More recently (6/15/11), Dwyer interrogated the mayor’s dismissal of the concern that young people’s arrests would hinder their life chances—questioning mayoral aide Frank Barry’s assertion that “they are not saddled with criminal records because those records are sealed.” Wrote Dwyer, “Asked if the mayor’s office believed that people who had been arrested but had received a dismissal could honestly answer ‘No’ if they were ever questioned by employers or colleges, Mr. Barry did not directly reply.”
The paper’s editorial on the matter (9/27/11) called for lawmakers to “investigate” the practices that have led to hundreds of thousands of arrests. The program has “damaged young lives,” said the paper. As such, it “deserves deeper scrutiny.”

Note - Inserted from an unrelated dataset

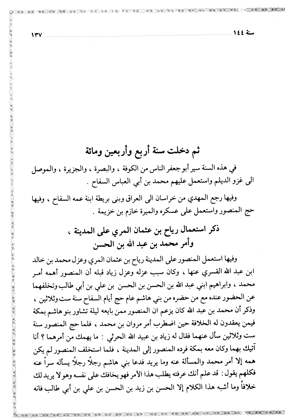 وفيها استعم المنصور على المدينة رياح بن عثمان المري وعزل محمد بن خالد ابن عبد الله القسري عنها وكان سبب عزله وعزل زياد قبله ان المنصور اهمه أمر محمد وابراهيم ابني عبد الله بن الحسن بن الحسن بن علي بن أبي طالب وتخلفهما عن الحضور عنده مع من حضره من بني هاشم عاك حج أيام السفاح سنة ست وثلاثين وذكر ان محمد بن عبد الله كان يزعم ان المنصور ممن بايعه ليلة تشاور بنو هاشم بمكة فيمن يعقدون له الخلافة حين اضطرب أمر مروان بن محمد فلما الحسن بن سهل المنصور سنة ست وثلاثين سأل عنهما فقال له زياد بن عبيد الله الحرثي ما يهمك من امرهما أنا آتيك بهما وكان معه بمكة فرده المنصور إلى المدينة فلما استخلف المنصور لم يكن همه الا أمر محمد والمسألة عنه وما يريد فدعا بني هاشم رجلا رجلا يساله سرا عنه فكلهم يقول قد علم أنك عرفته يطلب هذا الأمر فهو يخافك على نفسه وهو لا يريد لك خلافا وما شابه هذا الكلام الا الحسن بن زيد بن الحسن بن علي بن أبي طالب فانه

The next month, the Times (10/18/11) reported the case of Staten Island officer Michael Daraghjati, who told a friend he had “fried another nigger.... No big deal,” after falsifying an arrest report on a man he had stopped and searched without finding anything, who had questioned the officer’s reason for stopping him. The next day’s editorial enjoined lawmakers “to investigate whether others on the force are engaging in similar practices.”
The following month (11/7/11) the Times endorsed the creation of the independent oversight agency called for “almost 20 years ago,” declaring that charges of racism in stop and frisk (along with high-profile corruption cases) “raised disturbing doubts” about the police department and “its ability to root out its own problems.” Some sort of oversight is needed, the paper said, as “right now there is no way of judging whether the recent scandals and other complaints are the exception or a sign of far deeper problems.”
It’s hard not to conclude that for the moral arbiters at the country’s “paper of record,” the jury will be out forever. No amount of evidence that an abhorrent practice is occurring, unproven in its claims of benefit but proven in its harms, which are myriad and severe, will spur the paper beyond calls for more research, scrutiny or oversight.